Bank loans and mortgage rates extended to customers are then set at a generally stable gross margin percentage higher than the cost of the funding.

As baseline funding rates set by the RBA rise, the same percentage in the gross margin on a higher baseline equals a higher dollar return on the bottom line.

With the bottom line improving without the need to increase loan loss reserves as the majority of customers are experiencing a tight labour market, QFN has marginally outperformed the broader ASX 200 index ASX:STW (STW) over the last month.

With the value of residential dwellings surpassing AUD$8tn in 2021 and a large proportion either on a floating rate or soon rolling into a floating rate mortgage, the financial sector has its eyes set on a swelling revenue stream.


In its recent earnings announcement, JP Morgan Chase Bank NYSE:JPM (JPM) set aside more funds to cover potential future loan losses.

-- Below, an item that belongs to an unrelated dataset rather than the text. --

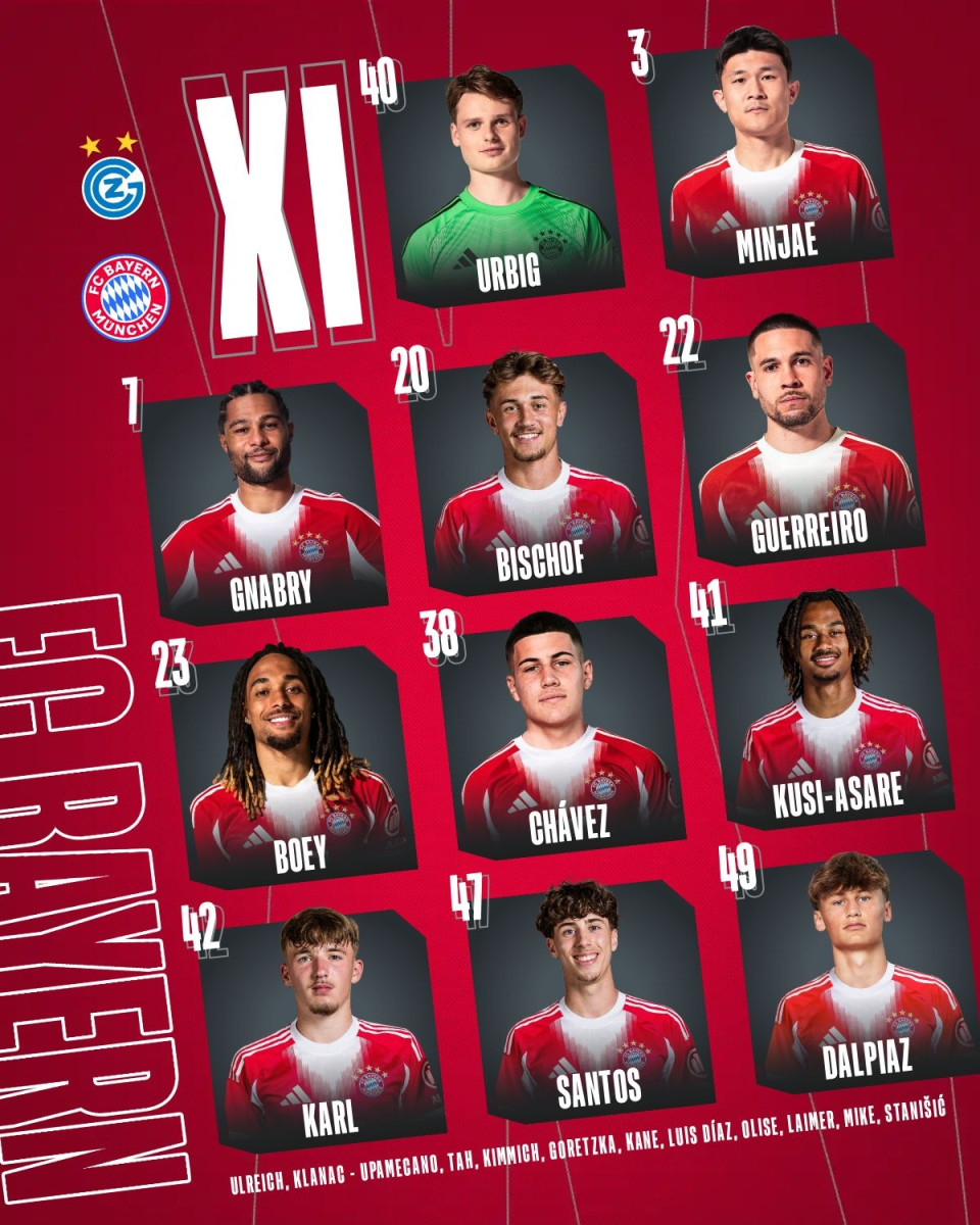 Bayern Múnich se impuso 2-1 frente a Grasshopper en un partido amistoso. Los alemanes, que se adelantaron con goles de Karl y Kusi Asare, dos de sus jóvenes promesas, lograron mantener la ventaja a pesar del descuento de los suizos. Como novedad, destacó la titularidad de Felipe Chávez, quien debutó con el equipo, así como el esperado estreno de la estrella colombiana Luis Díaz, que estuvo cerca de marcar.

This is not a uniform view held by all international banks as not all markets are at the same end of the supply chain. Australian banks do not carry the same level of international exposure that the US banking behemoths do.

Certainly, Europe has struggled under higher energy prices in recent months and is looking more vulnerable in its industrial sector, which may present itself in the coming months in weaker employment figures. Other nations and industries, particularly raw material exporters, have fared rather well.

Australia’s trade surplus from its positioning as a large resource supplier to an international customer base has resulted in high employment both directly and indirectly in downstream services.

A robust labour market will alleviate many of the worries that banks may have when allocating funds to borrowers. While employment remains high, despite record house prices and aggregate mortgage values, additional loan loss provisioning requirements are mitigated, further boosting the banks’ bottom line.


Some international banks are beginning to sound alarm bells over the near-future economic conditions. While the labour market remains tight in Australia, the big four will find rich pastures and QFN holdings are likely to find easy sailing.